It has been weeks since the last report. Visions of verico sales launched, to a modest start and we have learned about a major cost reduction effort which will take effect soon. Time to take inventory.
On July 12th the DAO crossed the threshold of selling 1b DEC through the credit system and today we at 1.04b DEC sold. The good news is, with Visions of verico a lot of DEC came back into the DAO which pushed the average DEC inflow to just short of 3.4m. At the same time the outflow of DEC went up too due to the increase secondary market activity and the average daily outflow is now 13.7m. This means the avg daily reduction in DEC spending went down by about 1.3m to 10.3m DEC a day.

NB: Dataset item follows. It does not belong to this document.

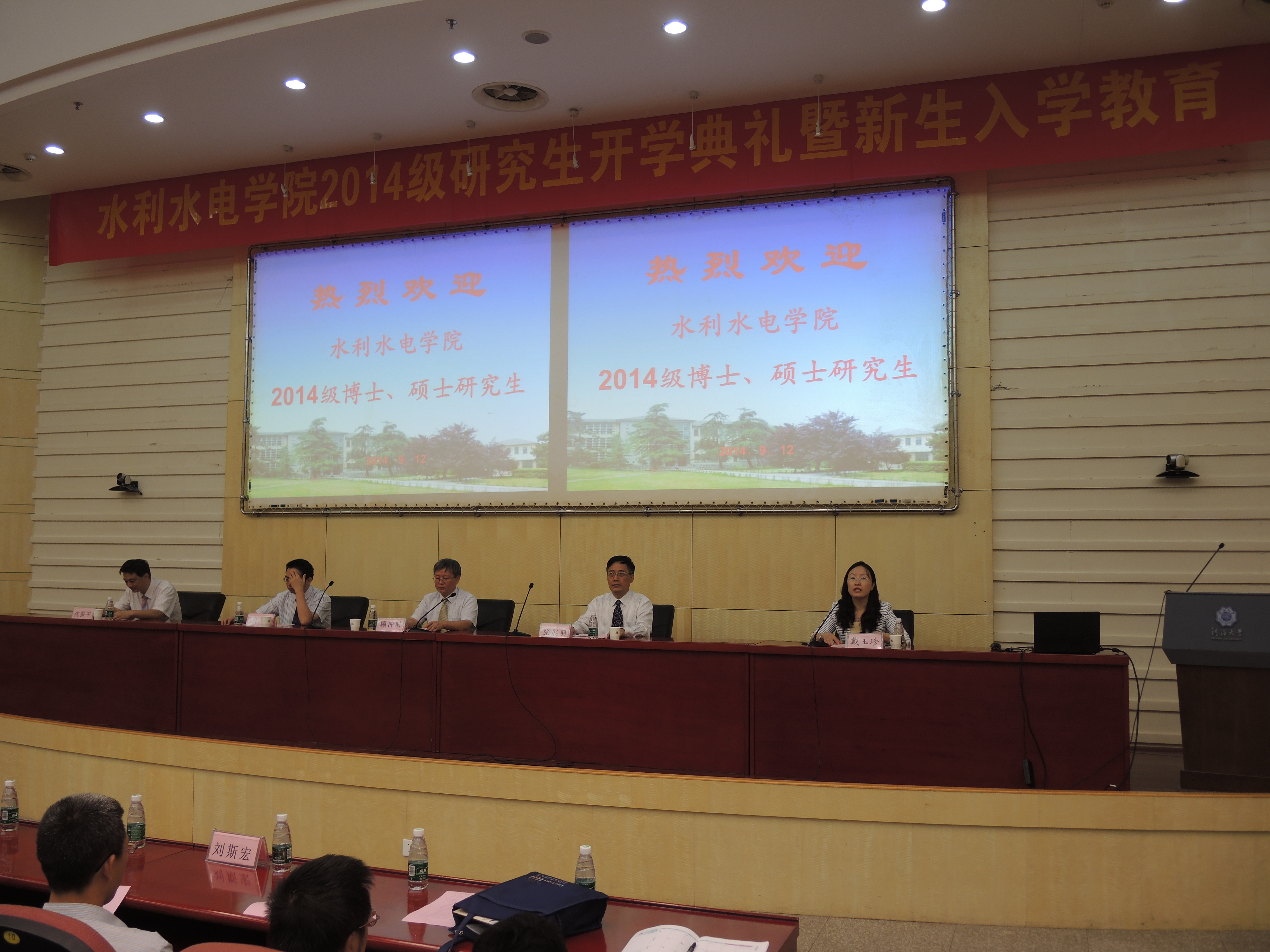 2014年9月12日上午8:30,hg8868体育官网在闻天馆108隆重举行2014级博士、硕士研究生开学典礼暨新生入学教育。hg8868体育官网院长顾冲时教授,党委书记张展羽教授,副院长肖洋教授、沈振中教授,及水利水电工程系主任蔡付林教授,农业水利工程系主任朱成立副教授,水工结构研究所副所长苏怀智教授,水电研究所副所长周建旭教授,水力学及河流动力学研究所副所长杨校礼老师,农业水土工程研究所所长郭相平教授,农业环境研究所所长邵孝侯教授等出席了典礼,典礼由hg8868体育官网党委副书记戴玉珍老师主持。参加典礼的还有hg8868体育官网研究生教学秘书周昶老师、研究生辅导员赵志涵老师以及辅导员助管慕子煜老师。
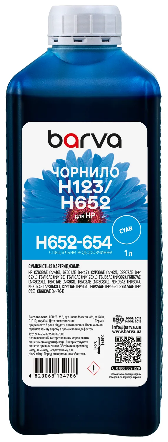 Чернила для HP 46/123/651/652 специальные 1 л, водорастворимые, голубые Barva (H652-654) - прекрасный выбор для вас

I won't even mention the daily mint anymore, it is still nothing. The average USD income increased from credit sales increased to 3900 USD. While the increase is only about 150 USD despite 2 weeks VoV sale, it must be considered that a lot of the income was in DEC. It should also be noted that packs bought in USDC (not in credits) are not included in this number.
On to the burning:
| account | total_since_2026_01_01 | avg_daily |
|---|---|---|
| LP_FEES | 42.127k | 216k |
| $GUILD_STORE | 270k | 1k |
| $MARKET_LIST_FEE | 0 | 0 |
| $ENERGY | 10.905k | 56k |
| $WILD_PASS | 37.115k | 190k |
| $UNBIND_ACCOUNT | 13.405k | 125k |
| $UNBIND_BURN | 4.030k | 21k |
| $RANKED_PASS | 1.440k | 7k |
| $SHOP | 17.407k | 90k |
| $MARKET_BURN_FEE | 57.978k | 297k |
| $RENTAL_BURN_FEE | 0 | 0 |
| $TOKEN_RENTAL_FEE | 45k | 0 |
| $TOKEN_RENTAL_BURN_FEE | 765k | 4k |
| $LAND_GRAIN_AUTOPURCHASE | 0 | 0 |
| $LAND_TC_DECBURN | 518k | 3k |
| $LAND_POWER_CORE_PURCHASE | 5.669k | 29k |
| $LAND_GRAIN_PURCHASE | 0 | 0 |
| TOTAL | 191.673k | 1.040k |
Burning still is about 1m DEC, it is remarkably consistent. It is still doing nothing for the DEC price and by now the DAO could have 75m more DEC in its coffers if all the fees just wouldn't be burned. Yes, the DAO burned 17,7k USD worth of DEC since it took over.
Speaking of USD, with the cost restructuring the daily obligations for the DAO are reduced to 2000 USD a day. Considering the avg income is almost double and the majority of the funds will be allocated DEC buybacks according to the currently passing proposal, which at the current prices would allow for roughly 8m DEC daily buybacks. This means the DAO would still be 2m short, on average, to break even with DEC spending. Considering we burn 1m DEC that could go to the DAO, this deficit could be halved by not burning all the fees. The good news is that the DEC runway for the DAO, assuming the buybacks happen, is now well over 2 years, so there is a lot of time to fix this deficit.